TASK TO COMPLETE = Output only the lines that run from the line holding "Look effortlessly stylish" to the end of the data below, including both ends, without any pictures.

EXERCISE DATA =
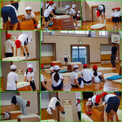 体育館で、跳び箱の練習をしていました。跳び箱は、手をつくときの動作にまず恐怖感が伴います。次に、降りる際に顔から先に降りていくイメージの動作に恐怖感が伴います。そのそれぞれの練習を繰り返し行うことで恐怖感をなくし、上手に跳べるようになっていきます。
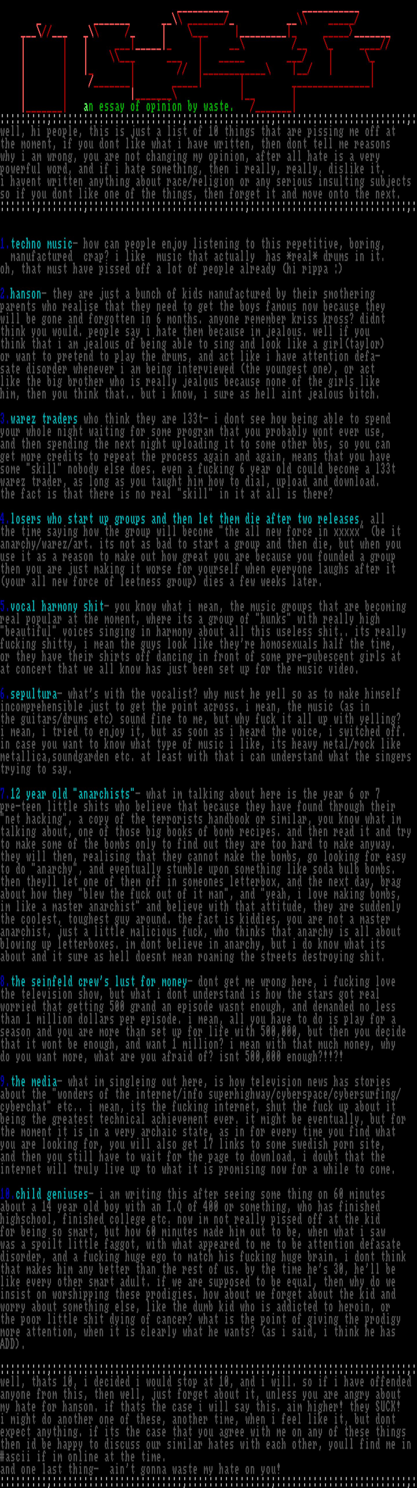 ::::::::::::::::::::::::::::::::::::::::::::::::::::::::::::::::::::::::::::well, hi people, this is just a list of 10 things that are pissing me off at
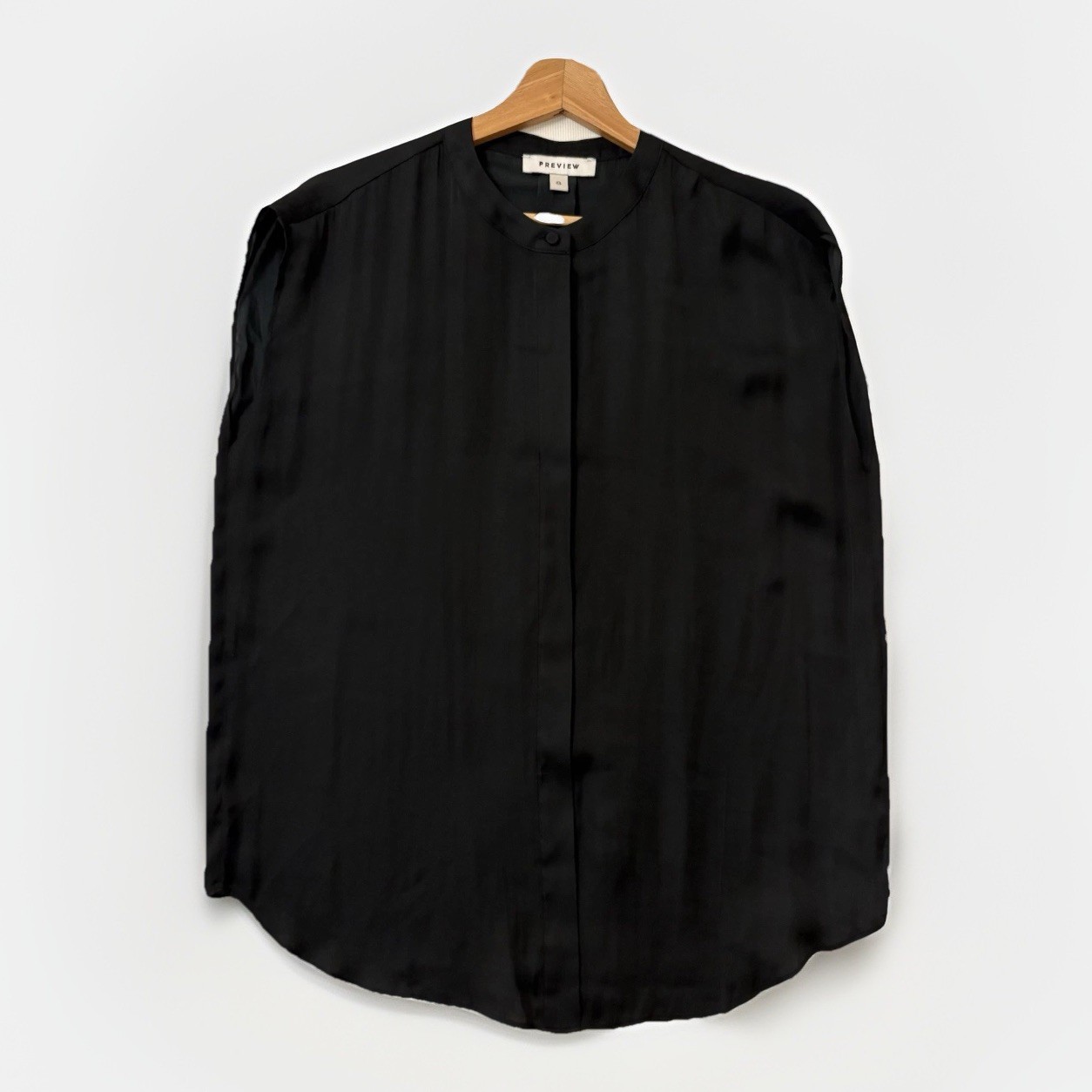 Look effortlessly stylish in this Target Preview navy blue silk blouse. With a round neck and sleeveless design, this classic fit blouse features a button closure and cap sleeves, perfect for any occasion from weddings to casual outings. Made from lightweight and easy-care polyester fabric, this slimming blouse is a versatile addition to your wardrobe, suitable for all seasons. Add a touch of elegance to your look with this collarless sheer blouse that is quick-drying and perfect for workwear or parties.
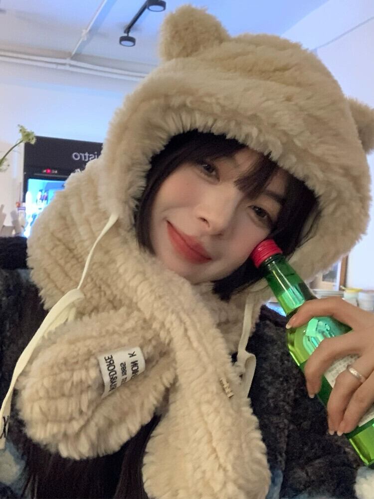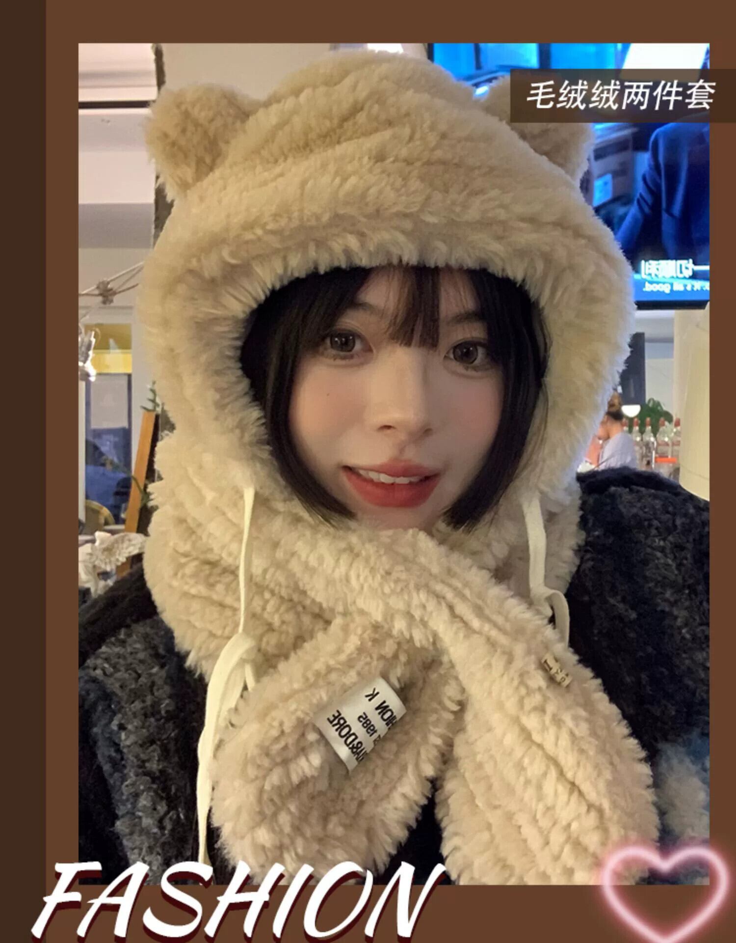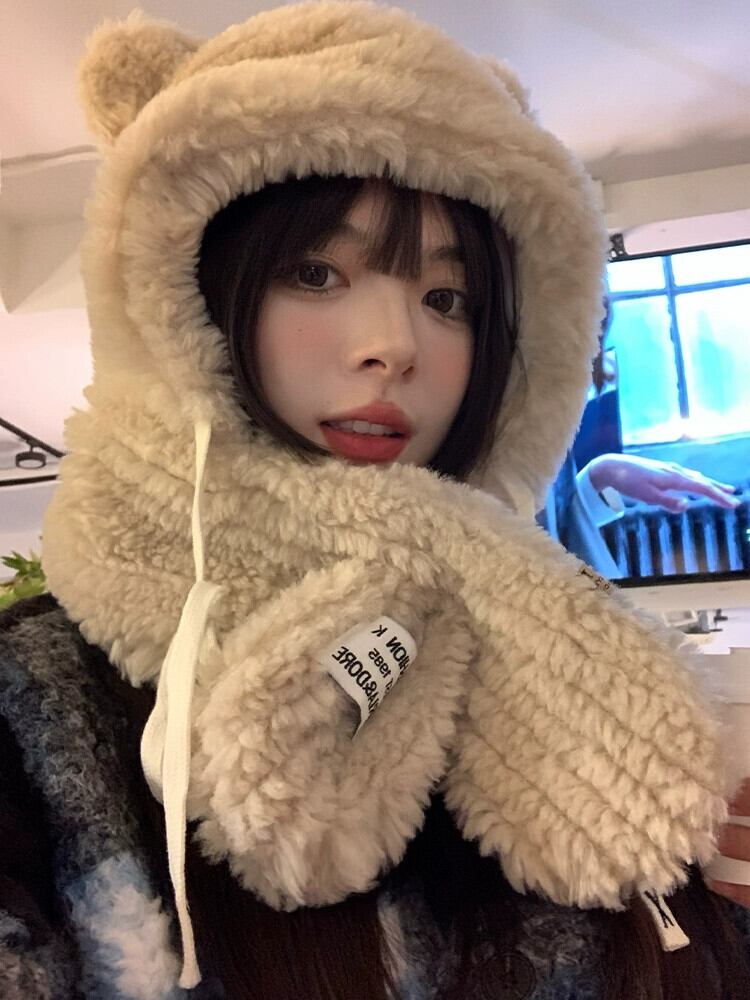 帽子スカーフ 1 女性の秋と冬かわいいクマぬいぐるみ耳保護冬厚く暖かいラムウールスカーフトレンディな 大人ガーリー スウィート キュート カジュアル オータム 秋物 ウィンター 冬物 15dd94733764293

PROBLEM SOLUTION =
 Look effortlessly stylish in this Target Preview navy blue silk blouse. With a round neck and sleeveless design, this classic fit blouse features a button closure and cap sleeves, perfect for any occasion from weddings to casual outings. Made from lightweight and easy-care polyester fabric, this slimming blouse is a versatile addition to your wardrobe, suitable for all seasons. Add a touch of elegance to your look with this collarless sheer blouse that is quick-drying and perfect for workwear or parties.
 帽子スカーフ 1 女性の秋と冬かわいいクマぬいぐるみ耳保護冬厚く暖かいラムウールスカーフトレンディな 大人ガーリー スウィート キュート カジュアル オータム 秋物 ウィンター 冬物 15dd94733764293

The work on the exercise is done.